Warren Buffett is an admired stock investor of the modern world and the third wealthiest man of the world with the asset worth of more than $100 billion. That it is possible to get there he makes no doubt, but his story of how he got there is truly inspiring. Here is a point-by-point look at the key events and learnings that shaped his incredible investing career:
You could say that Warren Buffett had a head start being only 11 years old in 1941 when he made his first stock purchase. This got him an early exposure to the stock market and he got addicted. The moral of the story – you don’t need to be an adult to learn how to invest.
Warren Buffett was Consuming a large number of books about investors and firms were among the books that young Warren Buffett was interested in. That is why his passion for new knowledge influenced his investing activities. Key take away – get a wide range of newspapers to read so that can broaden your knowledge.
In 1951, young Warren Buffett attended Columbia ‘where he was introduced to the concepts of value investing from Benjamin Graham and Charles Dodd authors of the book ‘Security Analysis.’ This laid down the foundation to his investment beliefs of using models to find good stocks at a low price. Moral of the story: find a good mentor and the program that will fit your objectives best.
In fact, Warren Buffett worked for Benjamin Graham’s partnership for 2 years right after his graduate school and his idea about safety margin came from Graham. He learnt to invest in shares which were significantly lower than their book value. The lesson to learn here is that one should be able to work for an expert, this provides a unique opportunity for learning.
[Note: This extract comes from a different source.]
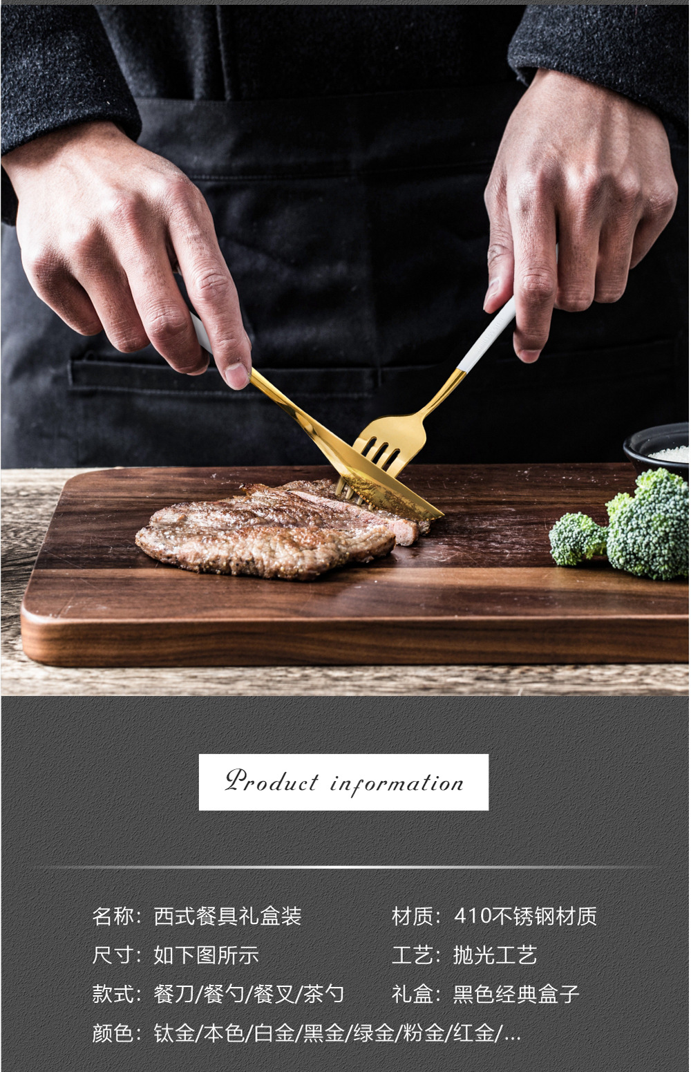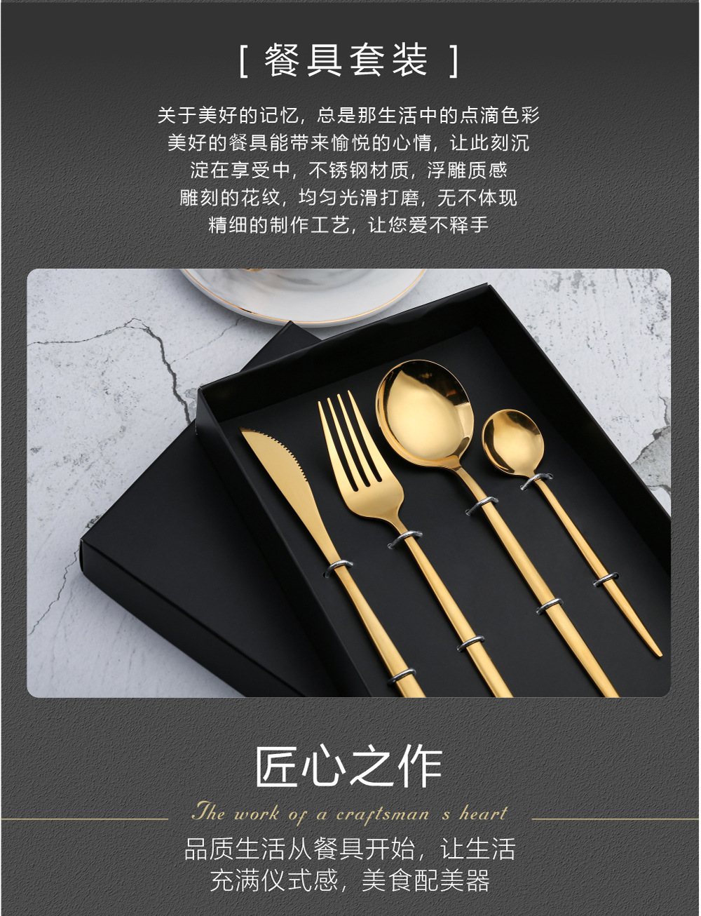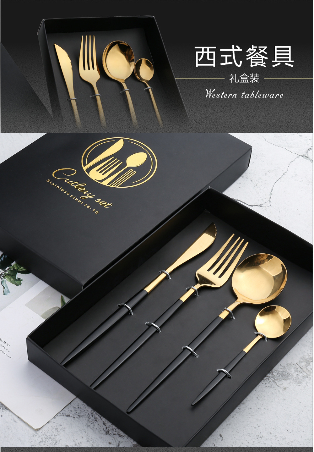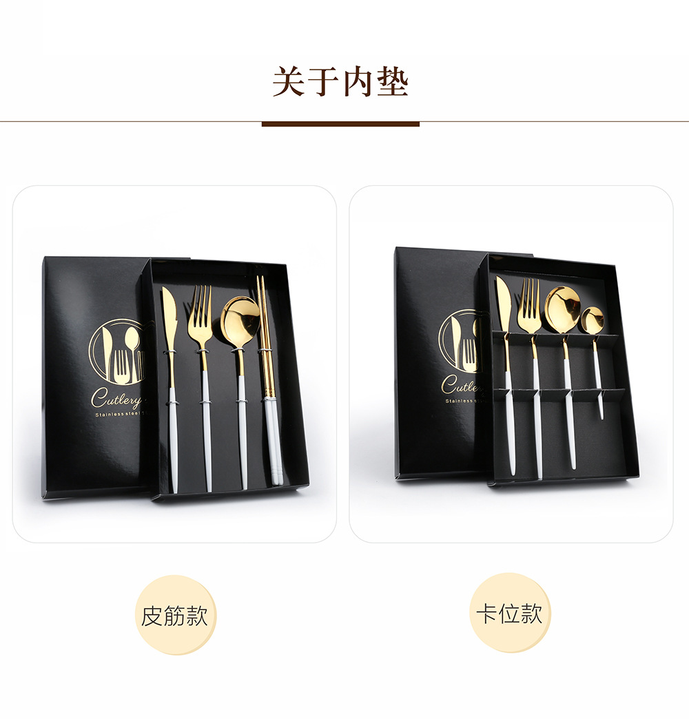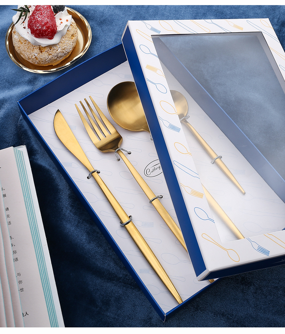 Y不锈钢餐具套装 葡萄牙金色刀叉勺四件套 西餐餐具礼盒勺筷套装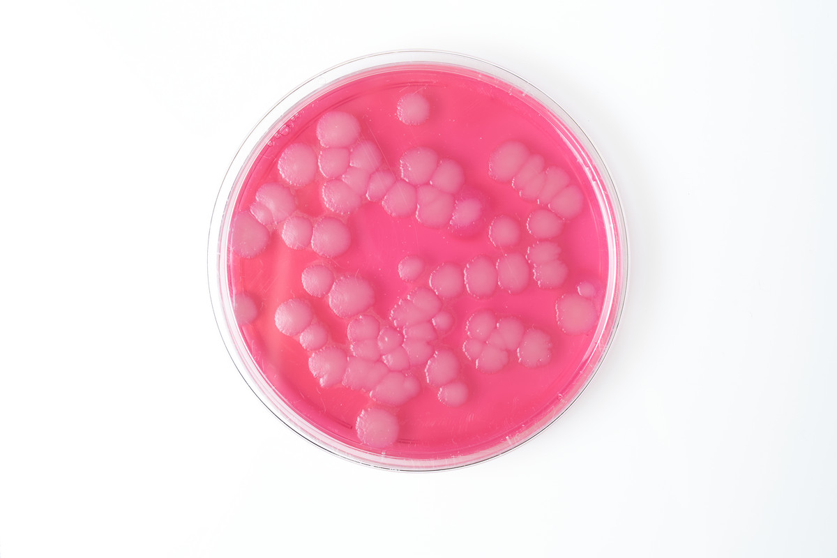 Типичные колонии Bacillus cereus на MYP-агаре имеют диаметр около 5 мм, окрашены в ярко-розовый цвет и окружены зоной преципитации.

In 1956 after garnering $100k from his friends and families he created his own investment partnership. This he was able to do while beating the market on a year on year basis by practicing the principles he had developed. But this I have learned, that with right investment principles, that is, if one can get into the market and invest and continue to invest right, then one can succeed in the investing mission.
In the 1960s, he purchased from a textile company, Berkshire Hathaway and later turned it into an investment company. This he applied concepts of value investing whereby he was able to purchase good companies at such a cheap prices. Main point – smart investors invest in great companies at lower prices.
In the early 70s he realized that insurance had a very attractive business model. He bought National Indemnity and utilized the float I mean money from insurance that arrives upfront of the actual services to be rendered to be used for investment. Learning here is to look out for good business and which will produce float money for investment.
When stocks in the stock markets were depressed severely in 1974-76 this man kept buying while everyone else was panicking. So, he realised a lot of benefits once the market was experiencing a boom. It proved very profitable for him, as it does for any long term investor with loyalties to his or her investment approach.
For instance in the 1990s there was what we can call the dot com bubble where investors were highly inflating the price of technology stocks; Warren Buffett did not invest in them. When bubble finally burst, his net worth had no more consisted of blue chip stocks while others lost billions. Moral of the story and lesson all should learn – don’t follow the herd and most importantly don’t buy overpriced stocks.
Now holding onto stocks for very long periods during his over 60 years of investment career, the sage of Omaha has never bought stocks with a short-term perspective. This big picture thinking has resulted in compounding over the long-run affording one decades worth of gains. The essence here is that long term focus is the secret to the compounding process to take root.
And that, ladies and gentlemen, is the Charlie highlight reel and the Warren Buffett big-picture lesson courtesy of a half-century of learning at Berkshire. It contains some fantastic tips for anybody who invests in equities, from the amateur to the professional. That is why following Buffett’s philosophy, and a principled approach even a mediocre investor can make extraordinary long term results.